Kubrick’s most peculiar request was that one of the man-ape suits, fashioned in the guise of a mother-ape, should feature functioning breasts capable of exuding real milk. He hoped that this would tempt a baby chimpanzee to suckle. The Chipperfield’s circus company loaned a couple of chimps, Johnny and Timmy, whose ears were painlessly augmented with prosthetics to make them seem more like ancestral prehumans. Mary Chipperfield assured [Stuart Freeborn, who designed the man-ape make-up and costumes] that her youngest chimps were still at the milk-drinking stage of their lives, although she did warn him that they only knew how to drink from plastic cups. A tender sequence of mother feeding child was photographed with mixed and messy results. The suckling experiment was abandoned.

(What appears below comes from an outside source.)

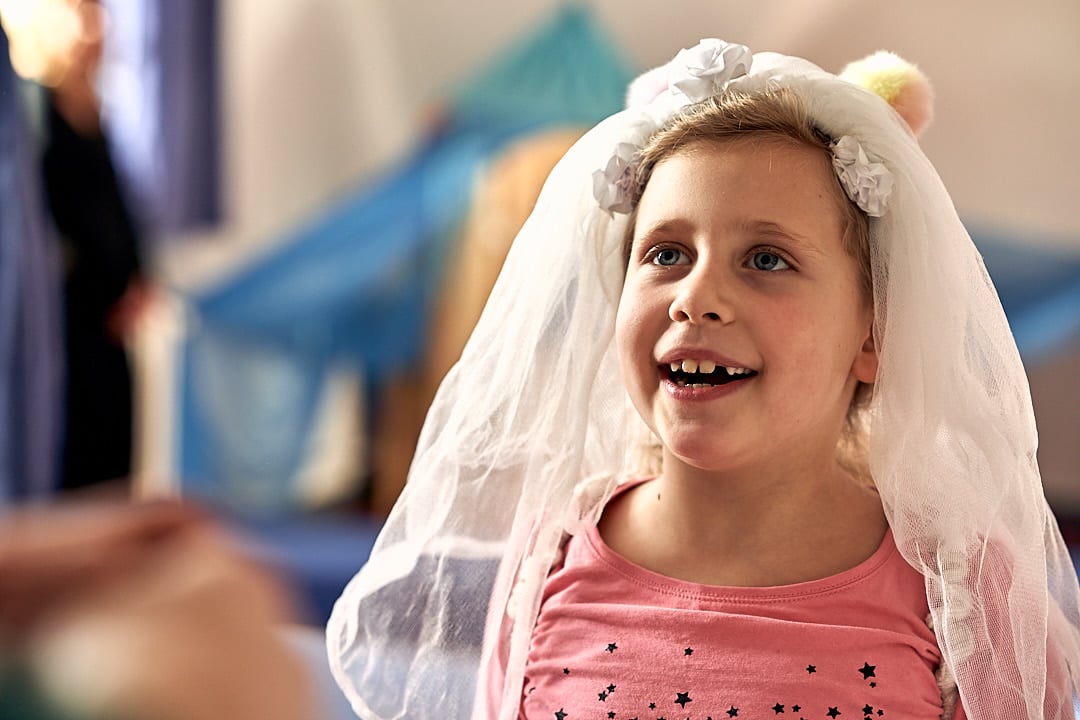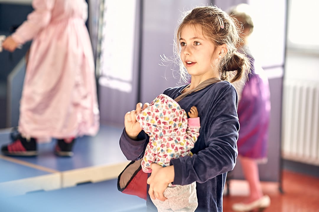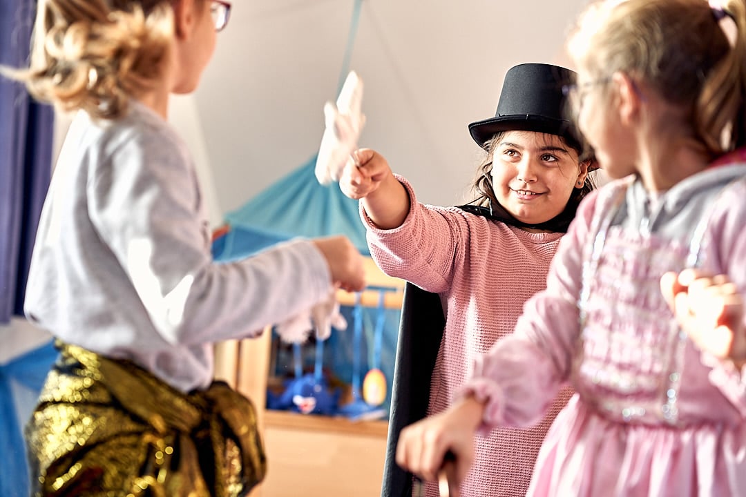 Im Rollenspielraum können die Kinder ihrer Kreativität freien Lauf lassen und durch vielfältige Requisiten in unterschiedliche Rollen schlüpfen.

The danger with this sort of kiss-and-tell is that it can reduce a work of art to a series of rivets. Happily, 2001 remains a sum greater and stranger than its parts. I will leave you with this quote from the critic Rock Hudson, who saw the movie at an early private screening and, according to Bizony, “rose from his seat in disgust as the lights came up. ‘Will somebody tell me what the hell that was all about?’ he said.” Twenty-odd viewings and 1,386 pages later, the film still holds mysteries—which is why you might be interested in this monolith of a book.